Thursday, October 21, 2021

Breaking the back of the backlog

So I said in the last post that I'd try and do some posts to cover some of the more interesting finds from this year as I go through my various batches of samples.

First up is this staph I found. It was the only one of its type in the tube and so I decided to take a closer look. It was taken in the Suffolk Brecks and when I pootered it from a tray of suction sample, I assumed it would be a Xantholinus, it had that small and sinuous look to it. It came from an area where the dry heath was transitioning into a more damp area before becoming a reedy pond edge.

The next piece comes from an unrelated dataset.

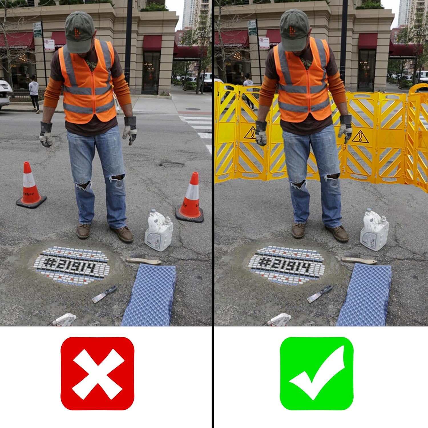 - Installation: The safety barrier can be easily set up in only seconds with folding design and wheels. The barrier can be set in straight, curved, in a circle.

A quick look and it was obvious that it didn't have the overlapping elytra and given size, tarsal shape and the fact that it has lines of six punctures on the pronotum, this was a species of Gabrius.

There are 12 species of Gabrius recorded in the UK and are initially split on the number of dorsal punctures on the pronotum. Five or six.

This has six and with it being less than 5.5mm in length leaves us with 8 species (having removed astutoides, exiguus, osseticus and splendidulus). 

The next bits in the key all relate to the aedeagus and luckily this individual was a male so I whipped it out and had a look down the microscope.

The paramere is partly visible in the above image but is bi-lobed and not rounded or emarginated. The median lobe (the main bit you can see above) is very slightly truncate at the tip and the bit that extends beyond the paramere is about equal to the length of the paramere.

This gets you to two species velox and keysianus. The narrow tip to the median lobe makes this keysianus. Brilliant, except that when i look at the text for that species in Lott and Anderson it says that this species is found on south and west coasts from Kent to Galloway on sandy pond margins by the coast. Nowhere near west Suffolk!

So I had a look on NBN and it turns out that Steve Lane found a small number of these at a site in Norfolk back in 2014 so it would seem that this species is present but probably not in too many places. This individual may well have been moving away from the pond edge towards somewhere a bit safer to hold up for the winter. A nice species to find and to add a tiny bit of knowledge to its distribution.  Also looks like this may be a first for Suffolk too.

The NBN map for Gabrius keysianus. Note lone East Anglian dot.